'Tuh, kan bener. Apa juga aku bilang. Juragan Broto yang dibilang baik oleh Galih itu mana ada baik-baiknya. Eh, maksudnya dia baik memang karena ingin memperistri Ibunya Galih' aku menggerutu dalam hati.
Kali ini Galih salah lagi soal panutannya itu, memang manusia itu tak ada yang patut untuk dipanuti dalam hidup ini, tak jua Ustadz salim yang alim, juragan Broto yang dermawan ataupun Nenek yang sudah membantu banyak orang.
"Kira-kiraa Bik Halima mau gak ya, Mang?" tanyaku basa-basi, jika aku yang diposisi Bik Halima tentu saja akan kutolak mentah-mentah, bayangkan saja, istri kempat. tapi jika ia menolak, sedih juga.

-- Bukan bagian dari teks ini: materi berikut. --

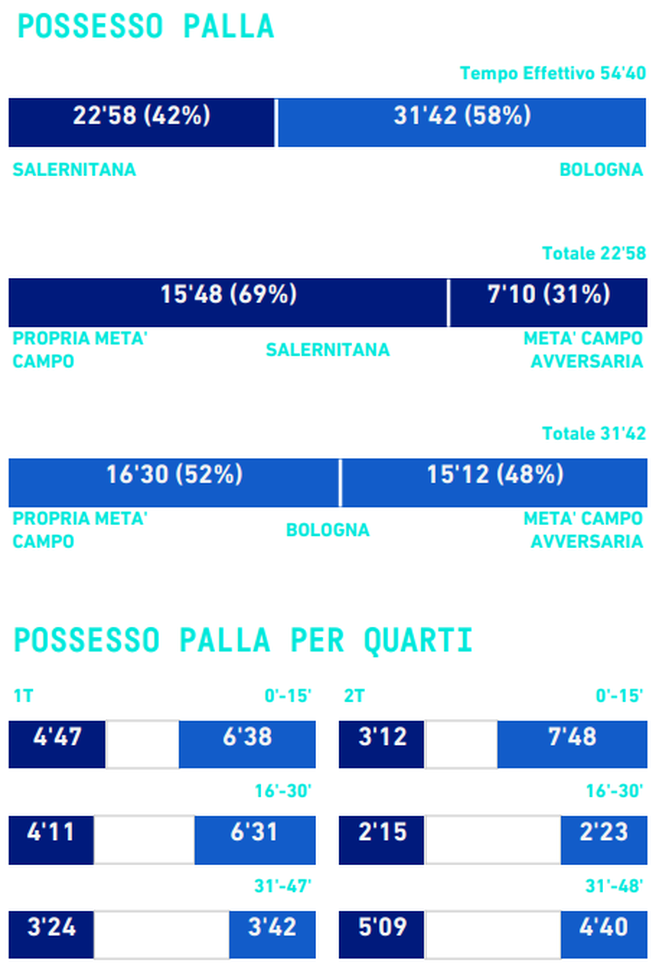 Un possesso palla che sfiora il 60% per il Bologna, indice di una complessiva supremazia di idee di gioco; tuttavia non è bastato, e a dire il vero nemmeno risultato efficiente. Perché è la Salernitana a tentare più tiri dei rossoblù (14 a 10), nonché il doppio in porta (4 a 2). Per cui il gioco di Paulo Sousa ha saputo contrastare al meglio il gioco propositivo di Thiago Motta.

Di desa ini apa-apa punya juragan Broto seseorang yang menolak tawaraannya dapat dipastikan hidupnya akan sengsara kedepannya.
'Malang sekali nasib Bik Halima'
Aku berniat mengikuti rombongan yang akan kerumah Bik Halima untuk menyaksikan rombongan lamaran dari juragan Broto. Sesaat kemudian daun telingaku ditarik keras oleh seseorang dari belakang.
"Aduh, duh, duh," keluhku menahan sakit
"Maaf, Hana. Paklik cuman di suruh nenek," kata paklik Malin yang menjewer kupingku atas perintah nenek yang melotot di teras rumah panggung.
"Jangan coba-coba kau latah mengikuti orang-orang, Hana!" seru Nenek.
Aku menggelembungkan wajah sebal.
***
"Apa?" aku terlonjak kaget demi mendengar Ucapan Galih.